[Extracted data entries]
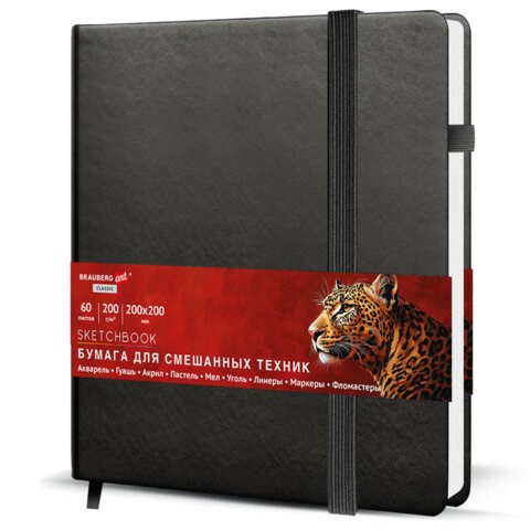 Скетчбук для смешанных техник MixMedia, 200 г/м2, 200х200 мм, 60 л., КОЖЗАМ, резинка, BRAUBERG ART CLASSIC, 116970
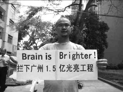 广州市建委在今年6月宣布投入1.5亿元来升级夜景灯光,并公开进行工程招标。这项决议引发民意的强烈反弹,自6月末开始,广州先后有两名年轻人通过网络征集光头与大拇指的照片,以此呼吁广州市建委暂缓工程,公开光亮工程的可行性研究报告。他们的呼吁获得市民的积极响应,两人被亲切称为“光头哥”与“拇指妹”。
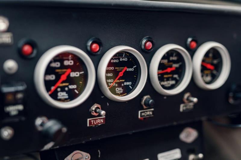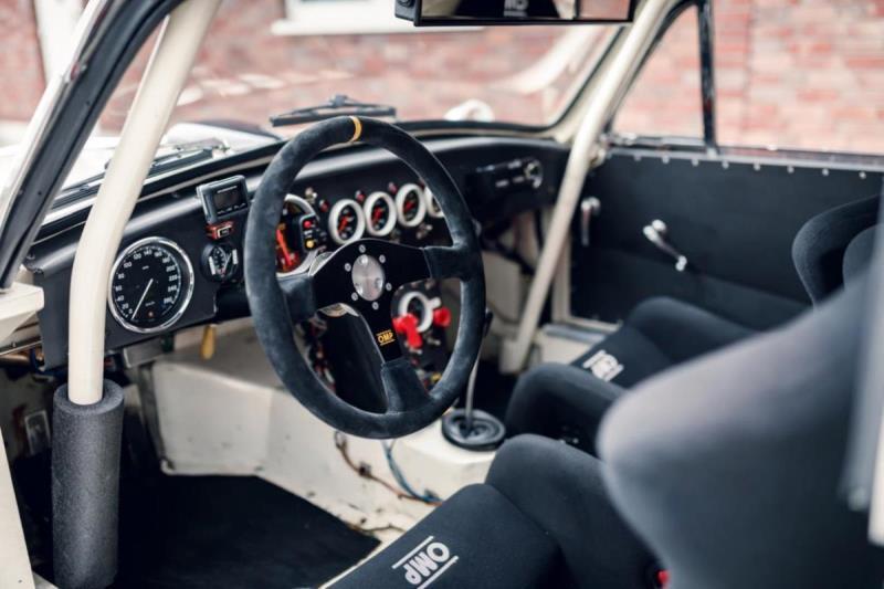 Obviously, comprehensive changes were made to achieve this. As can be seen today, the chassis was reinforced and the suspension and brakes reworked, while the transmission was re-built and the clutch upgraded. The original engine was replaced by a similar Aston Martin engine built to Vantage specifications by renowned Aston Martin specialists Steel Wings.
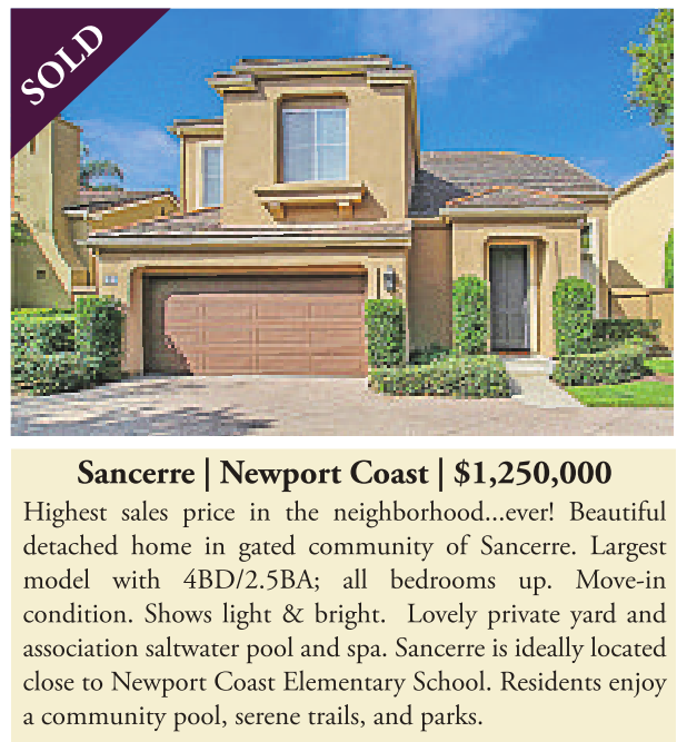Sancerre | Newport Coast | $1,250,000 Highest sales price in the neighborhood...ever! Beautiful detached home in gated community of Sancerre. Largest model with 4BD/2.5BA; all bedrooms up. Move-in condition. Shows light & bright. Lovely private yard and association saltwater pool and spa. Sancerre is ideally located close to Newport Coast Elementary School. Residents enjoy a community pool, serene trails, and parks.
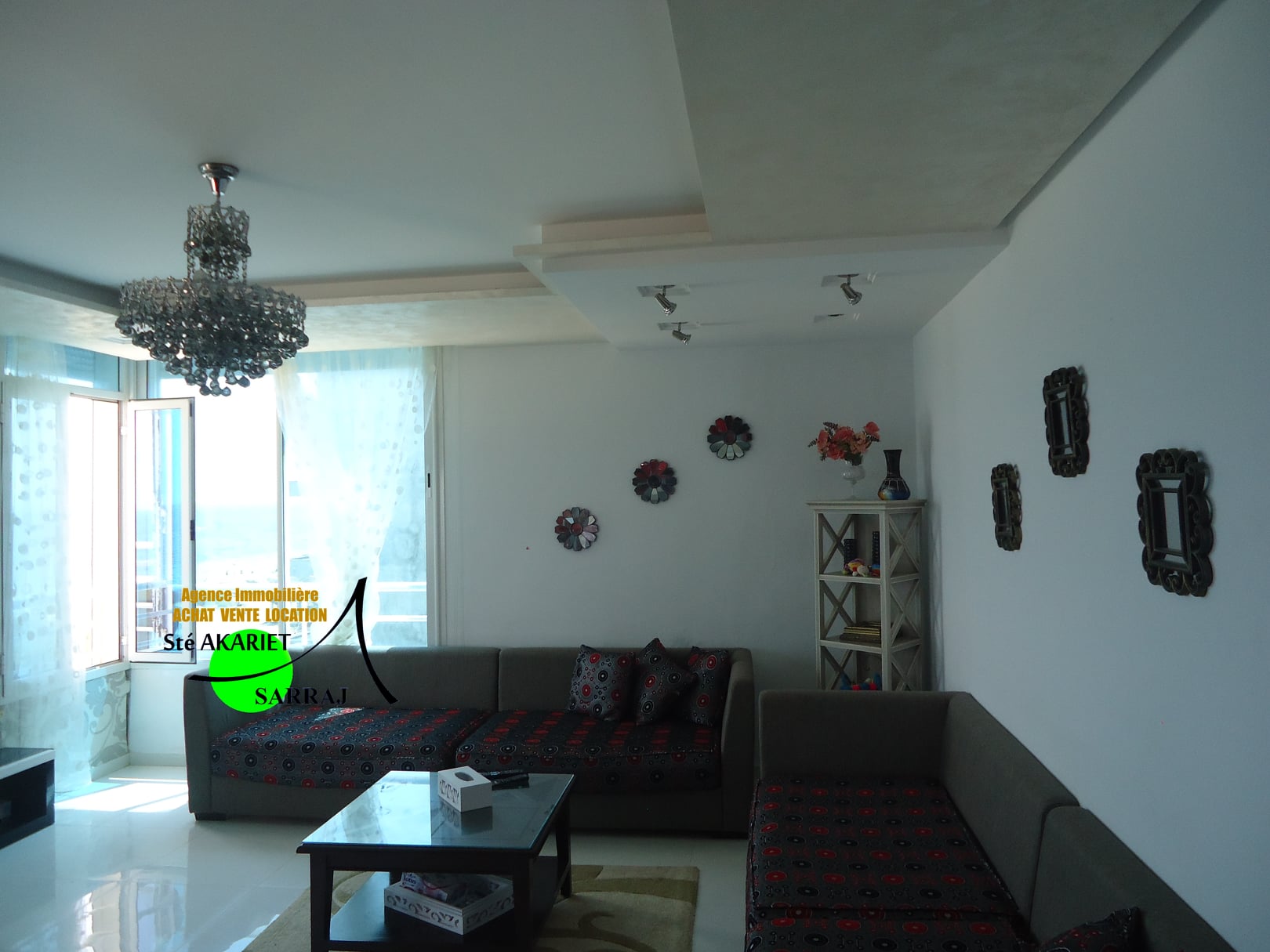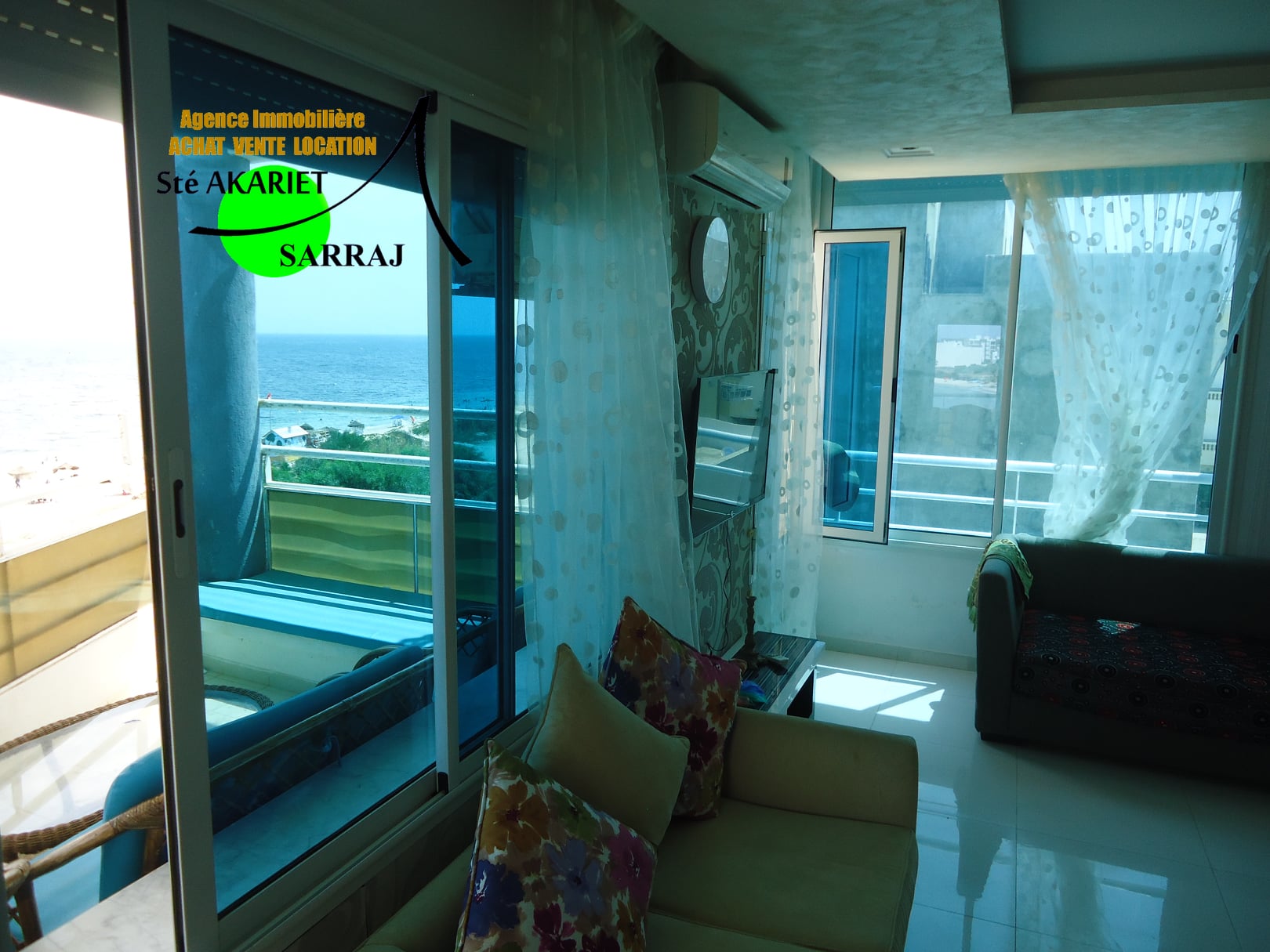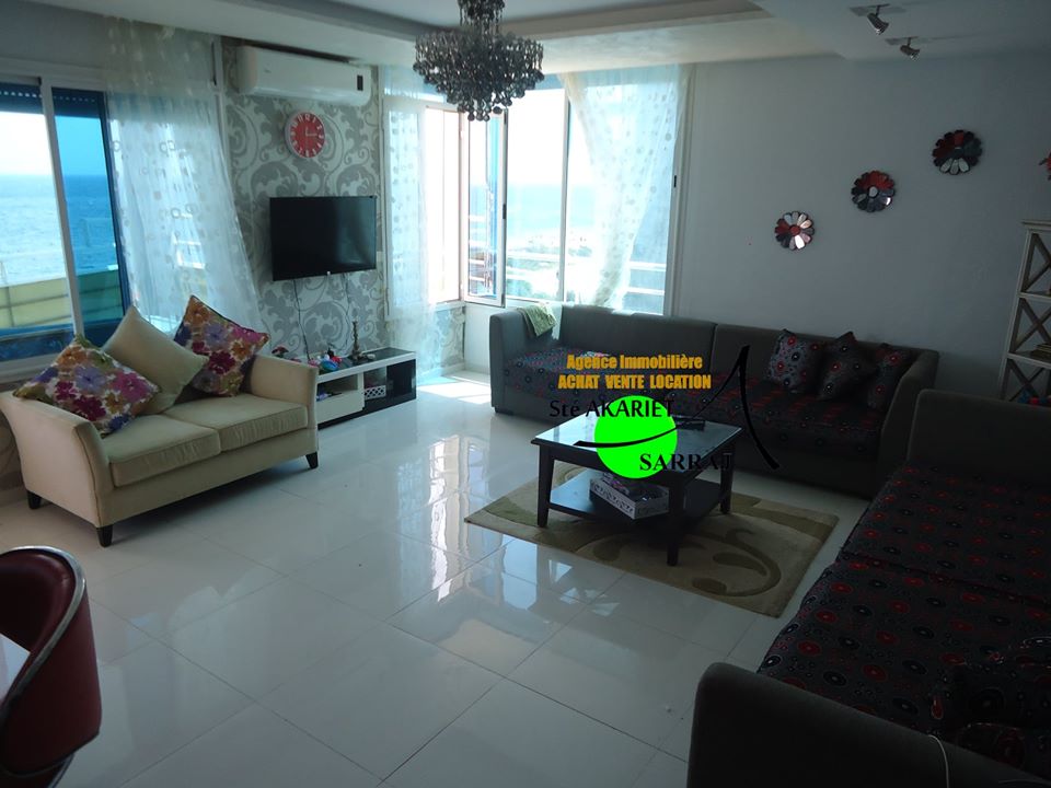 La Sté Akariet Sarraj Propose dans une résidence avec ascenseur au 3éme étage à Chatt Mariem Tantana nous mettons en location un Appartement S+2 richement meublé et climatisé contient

Task details - All the records need to be repeated exactly, with the images dropped.

Exercise output -
 Скетчбук для смешанных техник MixMedia, 200 г/м2, 200х200 мм, 60 л., КОЖЗАМ, резинка, BRAUBERG ART CLASSIC, 116970
 广州市建委在今年6月宣布投入1.5亿元来升级夜景灯光,并公开进行工程招标。这项决议引发民意的强烈反弹,自6月末开始,广州先后有两名年轻人通过网络征集光头与大拇指的照片,以此呼吁广州市建委暂缓工程,公开光亮工程的可行性研究报告。他们的呼吁获得市民的积极响应,两人被亲切称为“光头哥”与“拇指妹”。
 Obviously, comprehensive changes were made to achieve this. As can be seen today, the chassis was reinforced and the suspension and brakes reworked, while the transmission was re-built and the clutch upgraded. The original engine was replaced by a similar Aston Martin engine built to Vantage specifications by renowned Aston Martin specialists Steel Wings.
Sancerre | Newport Coast | $1,250,000 Highest sales price in the neighborhood...ever! Beautiful detached home in gated community of Sancerre. Largest model with 4BD/2.5BA; all bedrooms up. Move-in condition. Shows light & bright. Lovely private yard and association saltwater pool and spa. Sancerre is ideally located close to Newport Coast Elementary School. Residents enjoy a community pool, serene trails, and parks.
 La Sté Akariet Sarraj Propose dans une résidence avec ascenseur au 3éme étage à Chatt Mariem Tantana nous mettons en location un Appartement S+2 richement meublé et climatisé contient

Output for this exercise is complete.